Overall, a larger training set seems to be the logical conclusion when determining how to strengthen any of these classification models. With SVMs, the radial basis kerneling offers the most accuracy but other factors raise concern, mostly the kappa and the high C. If trading accuracy for overfitting is desired – which is not advisable – then this model is appropriate. In the future, more experimentation is needed when establishing the model, especially with the sigma and C values.
However, when comparing SVMs with decision trees, the latter proves to be a bit more beneficial for predictive measures. Beyond variables such as revenue and expenses, the liabilities variable offered an interesting finding, as these are often “hidden” fiscal indicators in terms of assessment. For this exercise, given the hierarchical nature of decision trees, this model is decidedly the most useful in assessing and predicting the fiscal health of Mohawk Valley nonprofits holistically.

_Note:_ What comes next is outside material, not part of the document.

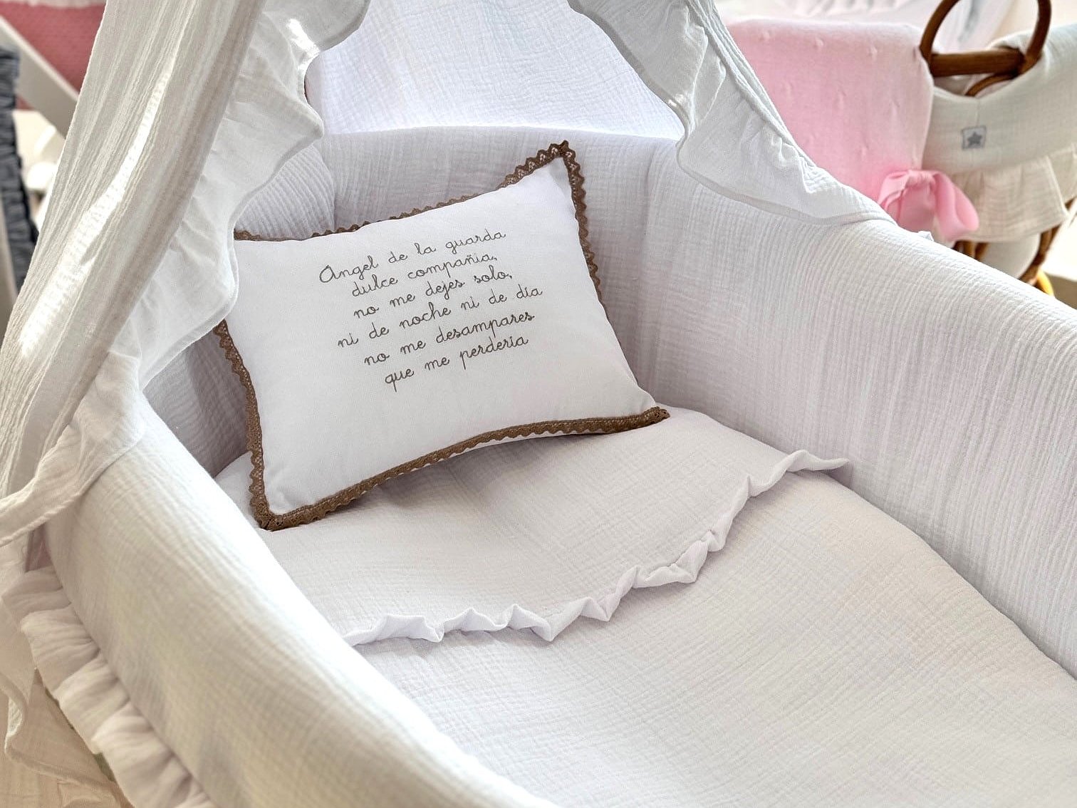 Por orto lado, podrás elegir la tela de los lazos para darle el toque al moisés. Viene incluido el colchón.

Altman, Douglas G. (1999). Practical statistics for medical research. Chapman; Hall/CRC Press.
Hastie, T., Tibshirani, R., & Friedman, J. (2016). The Elements of Statistical Learning: Data Mining, Inference, and Prediction, 2nd Edition, Springer.
Müller, A.C., & Guido, S. (2016). Introduction to machine learning with python. Sebastopol, CA: O’Reilly Media, Inc.
Tan, P.-N., Steinbach, M., Karpatne, A., & Kumar, V. (2019). Introduction to data mining. New York, NY: Pearson Education, Inc.